Yamaguchi credited Prime Minister Shinzo Abe with toning down his push for constitutional revisions after public opinion polls found insufficient support. But the leader of New Komeito, which is backed by the lay Buddhist group Soka Gakkai, warned against moves by the LDP to aggressively pursue any amendments.

“Our stance is closer to that of the public,” which wants to keep Article 9 unchanged, he said.

Touching on strained ties with neighboring countries over wartime history issues, Yamaguchi admitted that tensions may have been aggravated by Abe, especially his eagerness to replace the sex-slave apology statement issued in 1993 by then-Chief Cabinet Secretary Yohei Kono.

The statement confirmed that the Imperial Japanese military was involved in managing brothels for its soldiers, but there are still conflicting views on whether the military forced females into sexual servitude.

Yamaguchi said New Komeito wants to keep the Kono statement intact, implying Abe’s attempt to replace it would further aggravate foreign relations.

Abe also wants Japan to exercise the right to collective self-defense to bolster the Japan-U.S. alliance, and reconvened an expert panel on the issue. Collective self-defense is the concept of a nation aiding an ally that comes under attack.

Yamaguchi said New Komeito maintains the current interpretation that Japan cannot exercise the right.

“If we suddenly change the interpretation, it would harm the domestic and international trust which Japan has forged over the years,” Yamaguchi said.

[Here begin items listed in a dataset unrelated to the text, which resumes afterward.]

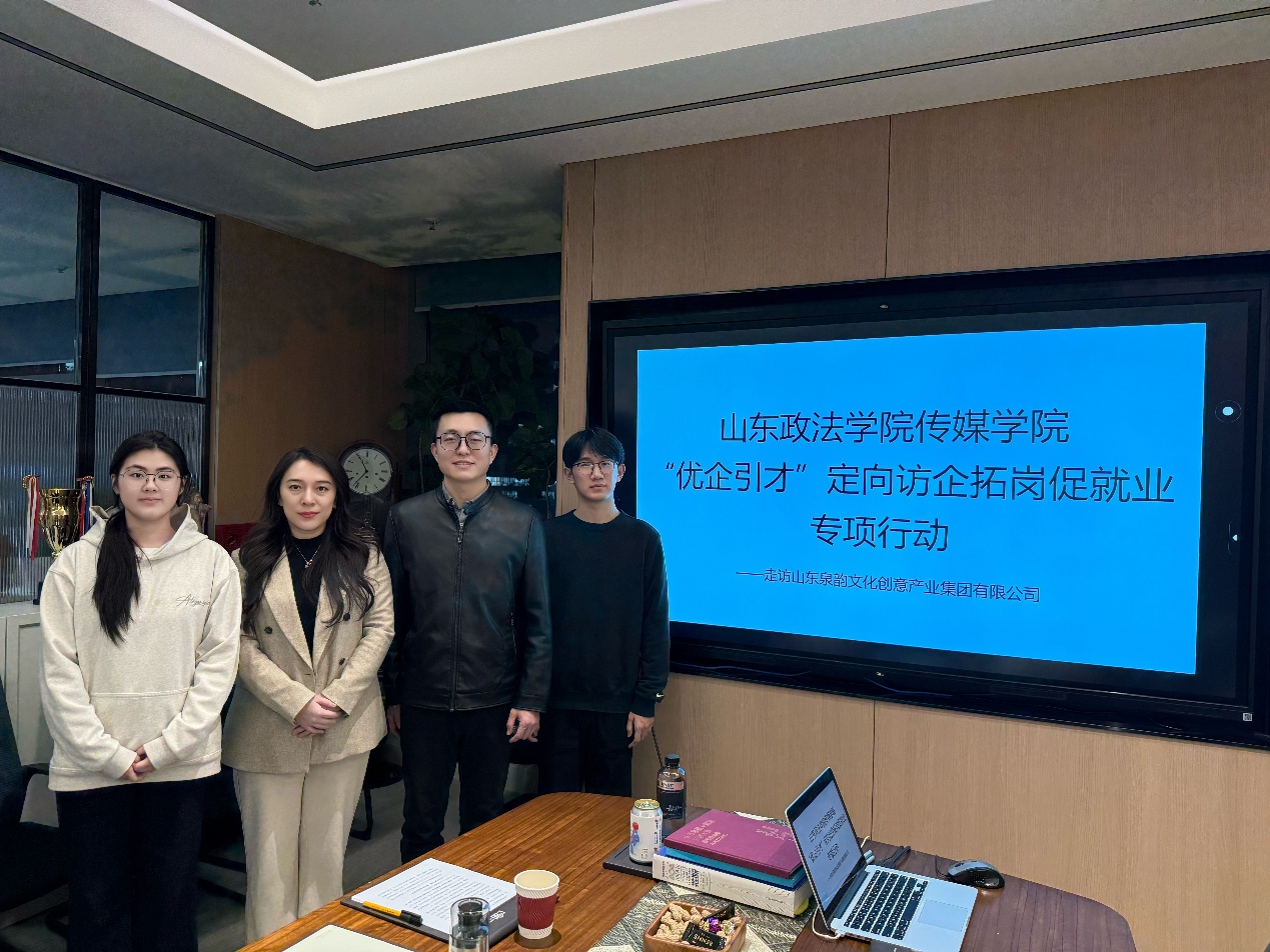 为深入贯彻落实山东省“优企引才”定向访企拓岗促就业专项行动要求,深化校企协同育人机制,精准对接行业数字化转型需求,1月29日下午,传媒学院视听传播教研室主任郭潇雨及学生代表赴山东泉韵文化创意产业集团有限公司开展访企拓岗交流,公司副总经理杜春热情接待并参加座谈。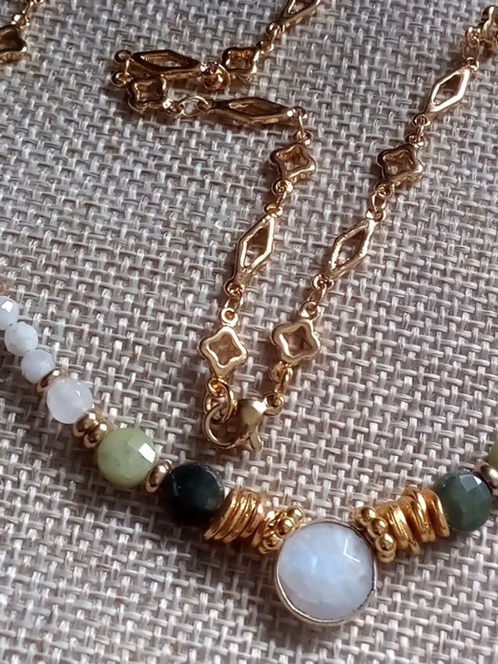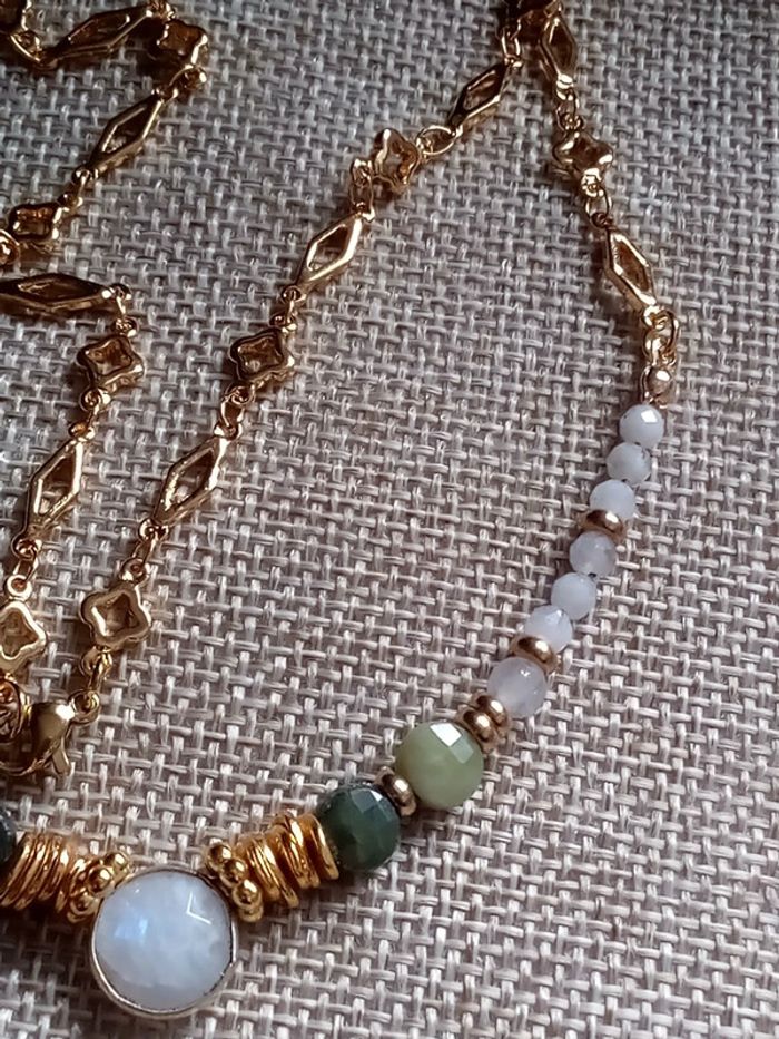 Collier en pierres semi précieuses, pierres de lune et de jade verte - photo numéro 1
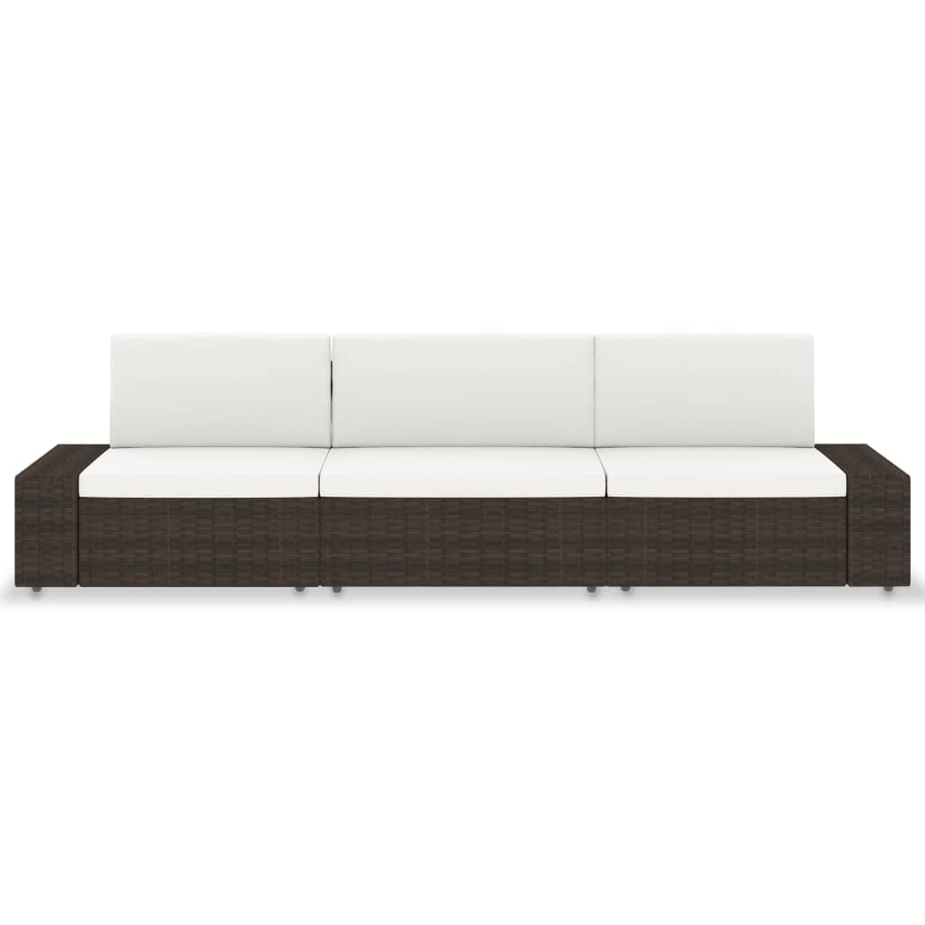 Sofa modułowa 3-osobowa, rattan PE, brązowa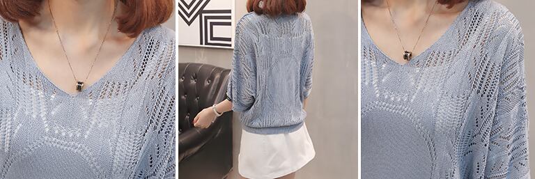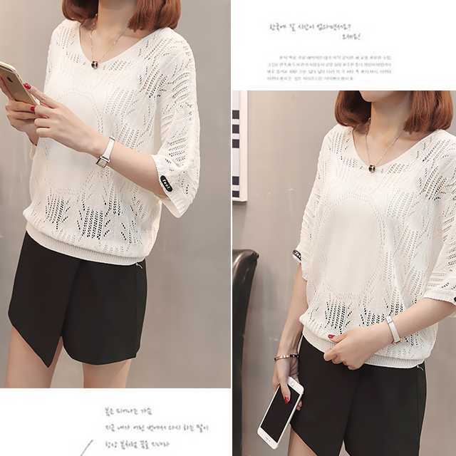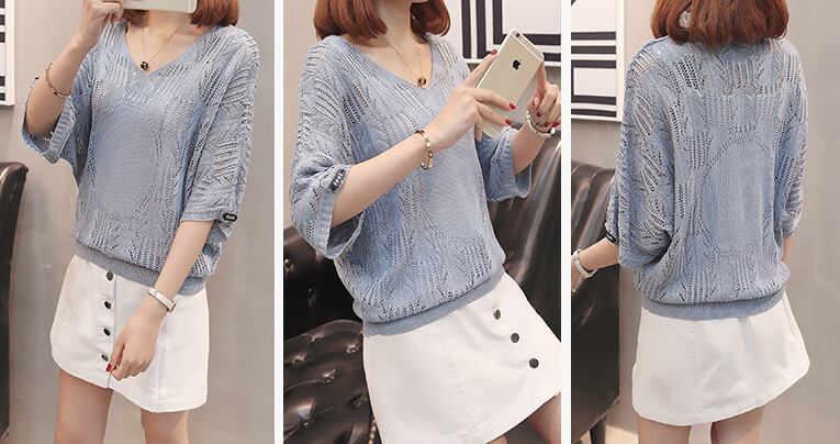 《入荷待ち》サマーニット 七分袖 キレイめ ホワイト ブラック オレンジ ブルー 女子会 デート

On nuclear power, meanwhile, New Komeito has maintained that all reactors should be phased out as soon as possible. The LDP is seeking restarts.

While the Abe administration has pursued exporting nuclear technology to such countries as India and Turkey, Yamaguchi expressed caution.

“If other nations desire Japan’s sophisticated nuclear power technology, it could be an international contribution,” he said, adding that adopting low-quality nuclear technology would only lead to serious problems. “Yet, we should avoid giving an impression that Japan is aggressively seeking nuclear exports,” he added.